# WiFi and VPN



## GoodgirlBadproblems (Jun 6, 2019)

I have had problems with my computer and phone for a while. Precautions, encryption, secure mail and a VPN does however help. I am still trying to find a good overall solution, but;

- Why does the WiFi not connect without the VPN? The mobile app does not have a kill-switch.
- Why is the WiFi suddenly unstable after I changed the password into something more difficult? Somehow managing to reinstall VPN did not help.
- Why did the Wifi (only on my phone) suddenly disconnect, and refuses to reconnect? The field for password says "unchanged" in grey.

I would be very grateful for thoughts on what I can do about this.

I use NordVPN. This phone is a Samsung Galaxy S8. The WiFi is private and passord-protected, and the router is an Asus one.


----------



## lunarlander (Sep 22, 2007)

Androids are inherently insecure. A skilled attacker with the right hacking tools can successfully take over a cell phone just from you making an outbound call.

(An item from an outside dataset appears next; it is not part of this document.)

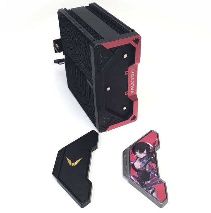 Die Abdeckung zeigt zwei kleine A-RGB-Leuchtelemente aus je drei beleuchteten Strichen. Sie wird zum Teil von einem lachsfarbenen Alu-Streifen eingefasst. Im Zentrum kann eine von zwei magnetisch haftenden Plaketten angebracht werden. Die schwarze Plakette zeigt einfach nur das Valkyrie-Logo in Gold. Auffälliger ist die lachsfarbene Manga-Plakette. Beide Plaketten bestehen aus Kunststoff.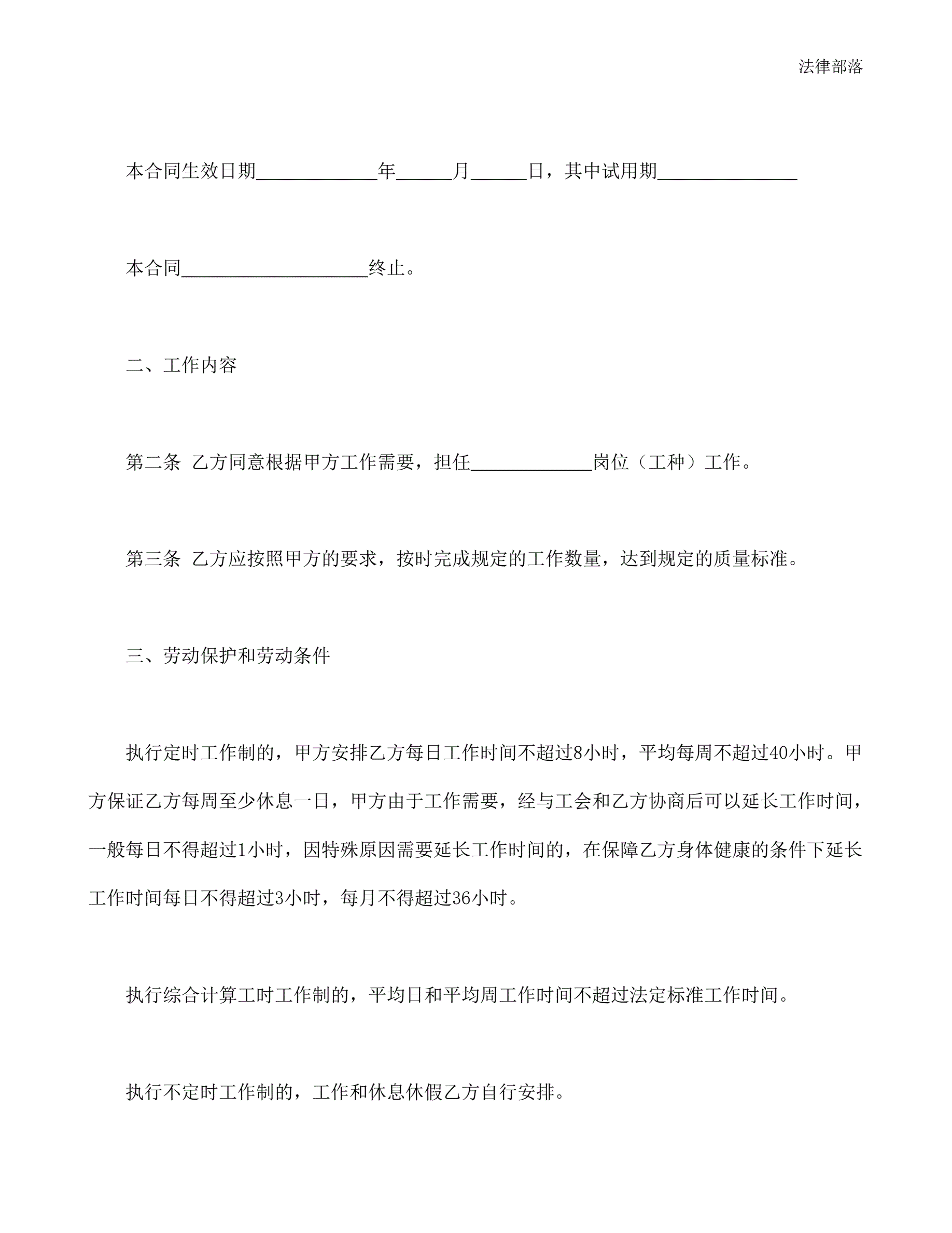 劳动合同书范本一

Then they are in control and anything you do can be undone.

In Android 8, inside the Connections panel , VPN settings, there is an option to require that no WiFi connection can be made without the VPN being active.

In your router, there might be a setting for WiFi 'refresh' time. This sets the time in seconds of how long before a changed WiFi setting takes effect and is broadcasted to all devices.


----------